TASK DIRECTIONS:
Pictures aside, write out the data exactly as it reads.

DATA TO EXAMINE:
━━━━━━━━━━━━━━━━━━━━━━━━━━━━━━

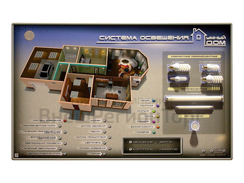 Подробное описание Интерактивный светодинамический стенд "Система освещения умного дома" с макетными образцами
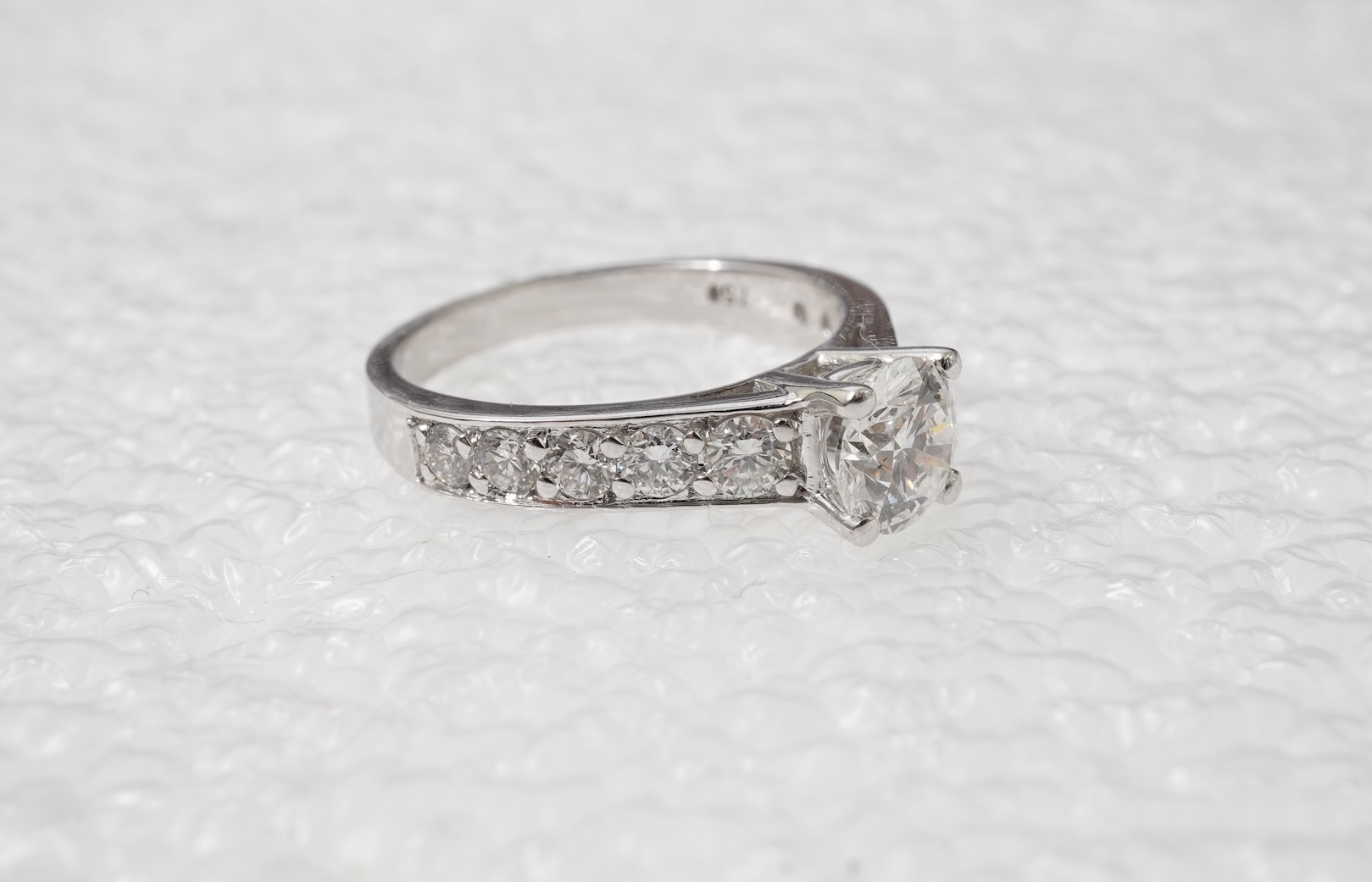 A diamond ring, claw-set with a brilliant-cut diamond weighing 1.00 carat, to shoulders set with brilliant-cut diamonds totalling approximately 0.80 carats, mounted in white gold, size O, stamped 750, gross weight 4.5 grams
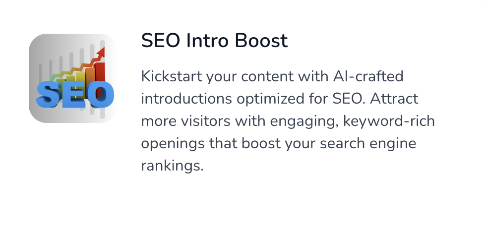 SEO Intro Boost: Kickstart your content with AI-crafted introductions optimized for SEO. Attract more visitors with engaging, keyword-rich openings that boost your search engine rankings.
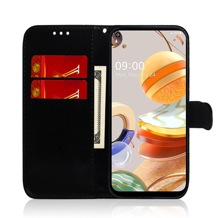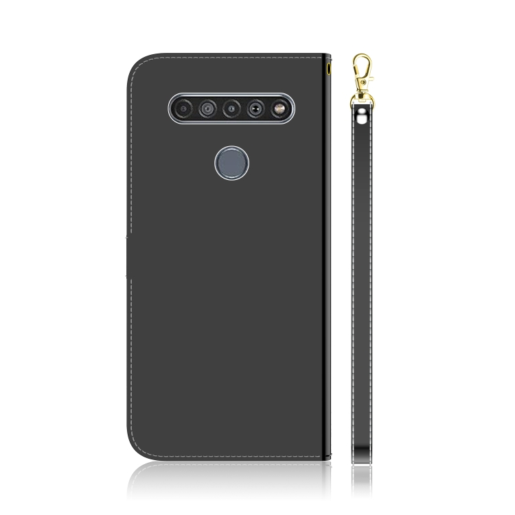 Funda de Cuero para LG K61 Limited Mirror Surface con Tapa Horizontal, Soporte, Ranuras para Tarjetas y Cordón (Negro)
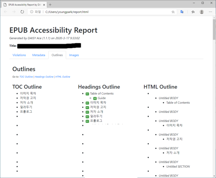 - 그 다음은 아웃라인 정보입니다. TOC 목차와 본문 내 Heading 태그가 잘 정리돼 있는지, 그 외에 어떤 body matter가 포함돼 있는지 등의 정보를 보여줍니다.

━━━━━━━━━━━━━━━━━━━━━━━━━━━━━━

ANSWER TO THE PROBLEM:
 Подробное описание Интерактивный светодинамический стенд "Система освещения умного дома" с макетными образцами
 A diamond ring, claw-set with a brilliant-cut diamond weighing 1.00 carat, to shoulders set with brilliant-cut diamonds totalling approximately 0.80 carats, mounted in white gold, size O, stamped 750, gross weight 4.5 grams
 SEO Intro Boost: Kickstart your content with AI-crafted introductions optimized for SEO. Attract more visitors with engaging, keyword-rich openings that boost your search engine rankings.
 Funda de Cuero para LG K61 Limited Mirror Surface con Tapa Horizontal, Soporte, Ranuras para Tarjetas y Cordón (Negro)
 - 그 다음은 아웃라인 정보입니다. TOC 목차와 본문 내 Heading 태그가 잘 정리돼 있는지, 그 외에 어떤 body matter가 포함돼 있는지 등의 정보를 보여줍니다.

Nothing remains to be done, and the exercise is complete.